Any idea what's going on?

HYDROPONICS/Aero Ponics

What system are you running? 2 gallon DWC buckets
What STRAIN are you growing? Mandala Kalichakra
What was the establishing technique? Seed
What is the age of your plants? Vegged a few weeks from seed, now flowering Day 54 or so
How tall are the plants? 2.5 ft
What PHASE are the plants in? (seedling, vegetative or flower) are the plants in? Flowering
What Technique are you using? Used a little LST
What substrate/medium are you using? Hydroton and rapid rooters
What is the Water temperature? 21 C
What color are your roots? Brown
Are your roots slimy? No, but in the last couple days, there has been more root material in buckets than normal.
What Nutrient's are you using? GH Floranova Bloom with Hydroguard
How much of each if using multiple? 1/8 tsp per gallon or so.

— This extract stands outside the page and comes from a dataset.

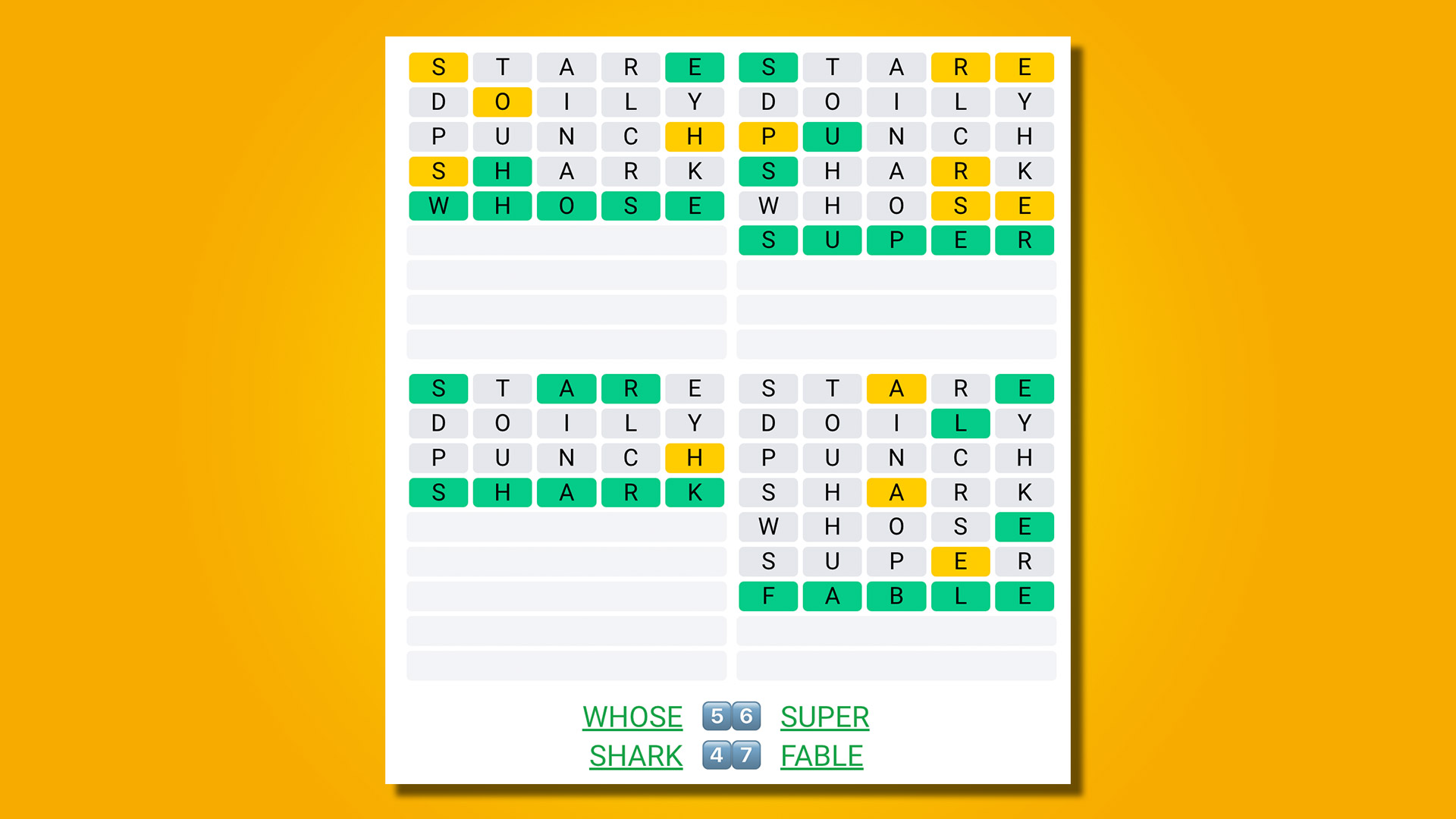 Today's Quordle is one of the easier ones we've had recently. Or at least that was how it played out for me – your game may have gone differently, depending on your strategy. Mine involves beginning with three words – STARE, DOILY and PUNCH – and today these words gave me a very good start. SHARK, for instance, was a very simple solve, because I effectively already had SHAR-, and had already ruled out the likes of SHARP and SHARE.

I've been flushing for the last day trying to stabilize PH
What is the TDS/EC/PPM you are using? 300 PPM
What is the pH of the "Tank"? Right now, an hour after putting in 5.3 PH water, PH is now 6.8!
Are you sure your calibration is correct on your equiptment? Just bought and calibrated my new PH pen last week.
When was your last watering? Been switching out with correct PH'd water a couple times a day the last couple days.
What is your water temps? 21 C
When was your last feeding change? (ie. grow-bloom-micro-additional) An hour ago put in tap water, very mild nutes (300 PPM), hydroguard and GH PH down till solution was 5.3
How often do you clean your system: example: Flush out water replace with clean water and nutrients? Twice a week usually
What size bulb are you using? 400 watt HPS
What is the distance to the canopy? 8-14 inches
What is your RH Factor(Relative Humidity)? very low--10 percent--I live i the US mountain west
What is the canopy temperature? 80-85F
What is the Day/Night Temp? (Include flucutaion range) keep house at 70 F, and temps inside tent when lights are on gets it to 80 F
What is the current Air Flow? (cfm etc.) Inline fan 170 CFM
Is the fan blowing directly at plants? There is a 6" AirKing circulation fan in tent
Is your water HARD or SOFT? Dunno, but it is 165 PPM out of tap
What water are you using? Tap
Has plant been recently pruned, cloned off of or pinched? No
Have any pest chemicals been used? No
Are plant's infected with pest's? Not to my knowledge

Any help is appreciated y'all. I'd hate to lose these plants, as they;re so close to harvest, and the buds still look lovely.

Cheers,
Mole

 

MynameStitch

Dr. Doolittle
Mentor
Veteran
If your pH is rising quickly there could be 1 of 2 things causing this, either you have root rot when your roots are brown, what color are your roots?

Another thing, you are using tap water, this is another factor, do you know your tap water PPM? EC 1.3 does not = 300 ppm.

What ppm you have in there now 300?
If your pH is rising and you have low ppm levels, this will cause them to rise as well due to the plants removing nutrients from the water quickly and this will cause a quick rise in pH.

For those size of plants you are supposed to have a higher level of ppm than 300.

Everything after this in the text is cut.